Although few factors were analyzed, the AUC and accuracy of XGBoost are 0.675 and 0.706, respectively, and the results still can be accepted and meet the current study. To obtain more accurate and detailed characteristics of VRU-vehicle crash injury severity, several research directions are proposed. (1) More risk factors (e.g., lighting condition, drivers’ age, gender, crash pattern, and crash location related factors) can be considered to better explain the characteristics of VRU-vehicle crash injury severity and further identify the crucial risk factors.
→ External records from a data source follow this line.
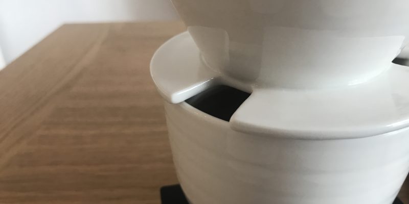 Si le résultat en tasse est le point essentiel avant tout achat, nous apprécions également le April Pour Over Brewer pour son côté “rituel”. Comme le mentionnait Patrik dans son interview, la préparation matinale d’un café peut suivre un rituel que l’on associe plus généralement au thé. De fait, le brewer vient en kit complet : le porte filtre, la tasse, le couvercle, et la soucoupe – le tout en céramique blanche ; ce qui explique d’ailleurs le prix un peu plus élevé que les autres solutions d’extraction manuelle. Complété par un filtre Kalita, vous n’aurez donc aucun élément extérieur à y ajouter, l’ensemble des accessoires se suffisant a eux-mêmes. La céramique gardant la chaleur très longtemps (chaleur que vous pouvez conserver encore plus longtemps avec le couvercle), il faudra patienter avant même de pouvoir tenir la tasse. Ce qui sera récompensé par un café encore plus agréable, la qualité de l’extraction se révélant davantage à moindre température.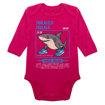 Tralalero Tralala, Μακρυμάνικο βρεφικό φορμάκι, 0-18 μηνών, ΡΟΖ, 100% Organic Cotton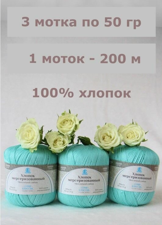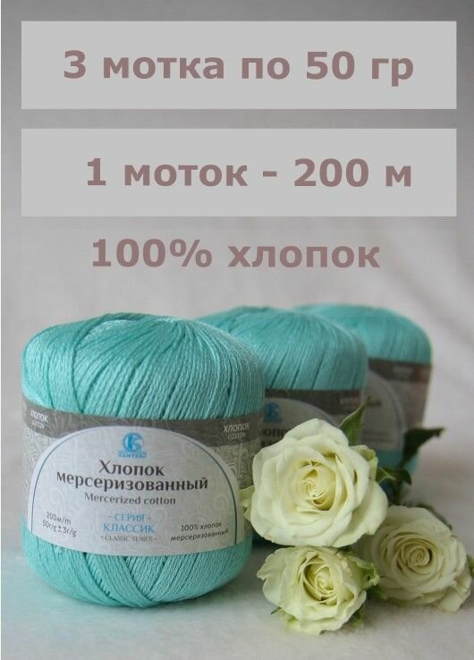 Купить Пряжа Хлопок мерсеризованный от Камтекс, цвет Бирюза 024, 3 шт*50 г/200 м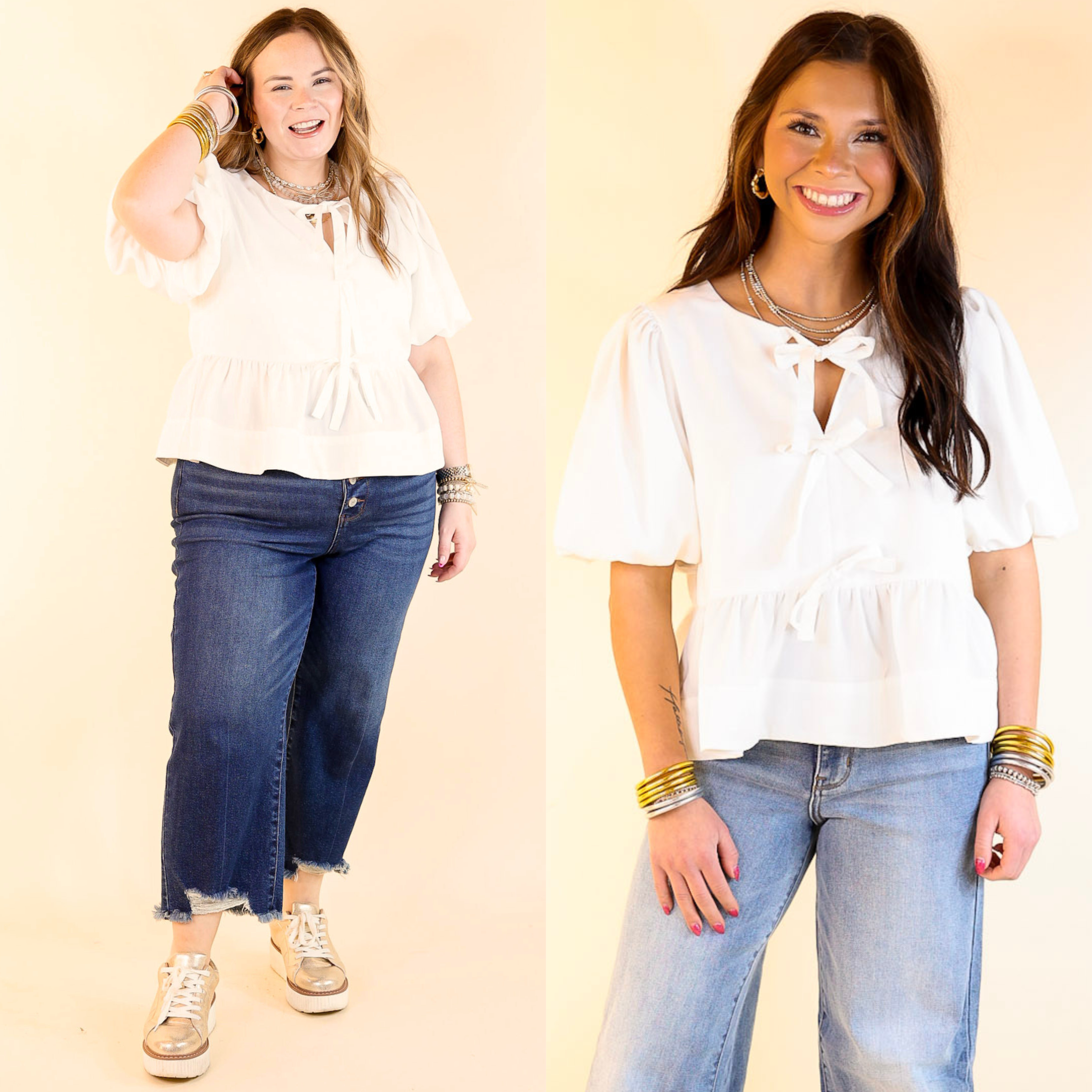 Simply Stunning Short Puff Sleeve Top with Bow Tie Detailing in Off White

The characteristics of VRU-vehicle crash injury severity are not perfectly and accurately exploited due to the limitation of the risk factors. However, abundant risk factors may cause unfaithful characteristics to be described. To this topic, how to extract an appropriate number and precise risk factors is a crucial challenge. (2) Risk factors identified mechanism can be developed with high accuracy and robustness on crash injury severity analysis, such as random forest (RF) and nonparametric Bayesian approach, to better explain the characteristics and determine the real causes of crashes. The XGBoost model facilitates the investigation of crash injury severity issues, but the accuracy is limited due to the small sample size. Therefore, how to develop risk factors identified approach with a small sample size is a hot point. In addition, how to consider the spatial-temporal correlations in modelling process is a crucial challenge.
Conflicts of Interest
The authors declare that there are no conflicts of interest regarding the publication of this paper.
Acknowledgments
This paper was supported by the National Natural Science Foundation of China (nos. 52102397 and 52072214) and the National Key R&D Program of China (no. 2019YFB1600605).
Open Research
Data Availability
The data used to support the findings of this study are available from the corresponding author upon request.